Qu’est-ce qu’un Non-Fungible Token – NFT ?
En quelques mots : un NFT est un token unique créé grâce à un smart contract en utilisant une blockchain et qui peut contenir plusieurs metadonnées, comme le nom de la collection à laquelle il appartient, le wallet qui l’a créé, des liens externes, ses caractéristiques, etc.
Il est le contraire d’un actif fongible dont voici la définition que nous propose le vénérable Larousse :
“Se dit de choses qui se consomment par l’usage et qui peuvent être remplacées par des choses de même nature, de même qualité et de même quantité”
Larousse
Par exemple, deux bouteilles d’eau d’un litre provenant de la même source. Même nature, même qualité, même quantité. Dès lors où l’une de ces conditions n’est pas respectée, la chose perd en fongibilité. L’exemple le plus parlant est celui de la disponibilité des pièces euros en provenance du Vatican.
Dans les mondes virtuels ou Metaverse, les NFT servent à identifier les parcelles de terrain en fonction de leur localisation sur une carte mais aussi leur largeur et hauteur. Un autre exemple est celui de l’art qui permet d’attribuer un nombre limité d’éditions d’une œuvre numérique.
Et entre ces deux extrêmes, il y a les Semi-Fungible Token (SFT) qui accroissent les nuances de fongibilité. Pensés pour être produits massivement et parfois consommés, ils gardent quand même une identité qui leur est propre. C’est dans l’univers des jeux vidéo que les SFT sont beaucoup utilisés, notamment pour créer plusieurs éditions d’un même équipement. Ils peuvent être aussi utilisés dans l’art pour les éditions multiples ou encore de manière utilitaire, par exemple avec des tickets de cinéma.

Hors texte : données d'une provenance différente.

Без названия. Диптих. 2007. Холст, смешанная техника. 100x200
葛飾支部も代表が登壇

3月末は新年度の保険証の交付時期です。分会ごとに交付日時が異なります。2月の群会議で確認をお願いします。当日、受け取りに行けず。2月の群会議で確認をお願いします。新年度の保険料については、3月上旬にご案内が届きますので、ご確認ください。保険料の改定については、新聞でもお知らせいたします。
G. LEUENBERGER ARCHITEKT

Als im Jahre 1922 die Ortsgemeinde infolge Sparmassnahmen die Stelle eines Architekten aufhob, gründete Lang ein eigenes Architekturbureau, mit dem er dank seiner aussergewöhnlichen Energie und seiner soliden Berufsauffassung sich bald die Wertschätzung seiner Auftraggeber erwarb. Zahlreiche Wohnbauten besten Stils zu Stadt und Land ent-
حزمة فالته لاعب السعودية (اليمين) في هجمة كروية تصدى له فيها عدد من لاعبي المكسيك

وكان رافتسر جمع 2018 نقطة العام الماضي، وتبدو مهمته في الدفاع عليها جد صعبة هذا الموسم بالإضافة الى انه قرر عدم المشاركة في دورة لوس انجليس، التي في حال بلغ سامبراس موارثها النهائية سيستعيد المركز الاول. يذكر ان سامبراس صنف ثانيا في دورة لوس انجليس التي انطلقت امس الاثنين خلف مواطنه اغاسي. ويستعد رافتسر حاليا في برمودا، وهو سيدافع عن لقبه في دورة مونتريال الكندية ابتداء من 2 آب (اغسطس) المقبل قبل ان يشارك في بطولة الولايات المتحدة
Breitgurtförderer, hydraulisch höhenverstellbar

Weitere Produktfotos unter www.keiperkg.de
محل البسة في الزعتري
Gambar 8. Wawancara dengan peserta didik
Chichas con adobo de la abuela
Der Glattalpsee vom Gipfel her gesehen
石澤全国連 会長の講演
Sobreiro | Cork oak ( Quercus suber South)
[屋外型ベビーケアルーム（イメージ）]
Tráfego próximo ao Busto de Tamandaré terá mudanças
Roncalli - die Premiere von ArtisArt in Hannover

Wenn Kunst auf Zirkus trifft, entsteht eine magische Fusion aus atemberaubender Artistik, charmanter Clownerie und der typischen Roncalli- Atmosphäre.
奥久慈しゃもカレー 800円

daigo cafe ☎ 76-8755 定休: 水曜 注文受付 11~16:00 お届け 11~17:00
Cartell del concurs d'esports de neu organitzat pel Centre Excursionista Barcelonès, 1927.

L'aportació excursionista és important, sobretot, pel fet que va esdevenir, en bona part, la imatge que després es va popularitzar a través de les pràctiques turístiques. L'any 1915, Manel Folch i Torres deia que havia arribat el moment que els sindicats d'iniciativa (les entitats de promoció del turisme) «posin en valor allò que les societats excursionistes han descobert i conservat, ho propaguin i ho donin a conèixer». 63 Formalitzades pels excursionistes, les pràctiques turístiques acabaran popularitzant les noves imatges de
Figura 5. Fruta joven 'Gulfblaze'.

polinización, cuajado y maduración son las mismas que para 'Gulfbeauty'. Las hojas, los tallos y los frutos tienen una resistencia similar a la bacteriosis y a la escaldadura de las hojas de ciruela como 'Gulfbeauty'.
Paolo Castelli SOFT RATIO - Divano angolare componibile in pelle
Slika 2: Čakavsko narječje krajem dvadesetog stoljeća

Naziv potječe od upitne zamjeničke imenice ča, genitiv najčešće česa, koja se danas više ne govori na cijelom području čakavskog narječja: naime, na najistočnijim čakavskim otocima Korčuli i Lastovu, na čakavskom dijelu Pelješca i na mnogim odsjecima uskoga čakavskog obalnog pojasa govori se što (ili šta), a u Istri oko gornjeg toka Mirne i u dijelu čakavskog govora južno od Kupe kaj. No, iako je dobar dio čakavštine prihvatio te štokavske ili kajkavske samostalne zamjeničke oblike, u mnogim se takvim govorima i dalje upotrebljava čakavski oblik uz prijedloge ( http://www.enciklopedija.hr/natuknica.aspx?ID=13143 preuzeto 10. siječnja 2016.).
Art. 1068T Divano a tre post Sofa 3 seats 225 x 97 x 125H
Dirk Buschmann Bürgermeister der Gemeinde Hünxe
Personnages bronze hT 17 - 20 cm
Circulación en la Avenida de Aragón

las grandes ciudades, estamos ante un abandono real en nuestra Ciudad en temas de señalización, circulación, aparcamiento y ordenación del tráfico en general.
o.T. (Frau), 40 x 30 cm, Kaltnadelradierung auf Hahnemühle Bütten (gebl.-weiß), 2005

Pas certain d’avoir tout compris ? Voici une vidéo explicative qui vous permettra d’y voir plus clair sur les NFT en 5 minutes ;
Comment fonctionne un NFT ?
La Base technologique : la blockchain
Les NFT sont intégralement construits sur des blockchains, avec Ethereum étant la plus populaire pour la création et l’échange de ces actifs. Ethereum est privilégiée en raison de sa capacité à exécuter des smart contracts robustes et flexibles, qui automatisent les règles de création, de transfert et de gestion des NFTs. La blockchain assure la transparence, en enregistrant chaque transaction de manière immuable, garantissant ainsi la propriété et l’authenticité des actifs numériques.
Pour rappel, une blockchain est un réseau décentralisé de nœuds (ordinateurs) qui vérifie, enregistre et sécurise chaque transaction. Contrairement aux bases de données traditionnelles où les données peuvent être modifiées par une autorité centrale, une blockchain empêche toute altération après qu’une transaction est validée et ajoutée à la chaîne de blocs.
Cette immuabilité est cruciale pour les NFT, car elle assure que chaque œuvre ou actif numérique est authentique et que son historique de propriété est inaltérable.
Les normes des NFT : ERC-721 et ERC-1155
Les NFT Ethereum sont créés selon des standards spécifiques, en particulier ERC-721 et ERC-1155. Le standard ERC-721, le plus couramment utilisé, permet la création de jetons non fongibles, où chaque jeton est unique et indivisible. Par exemple, dans le cas d’un NFT représentant une œuvre d’art numérique, chaque œuvre possède un identifiant unique qui la distingue des autres.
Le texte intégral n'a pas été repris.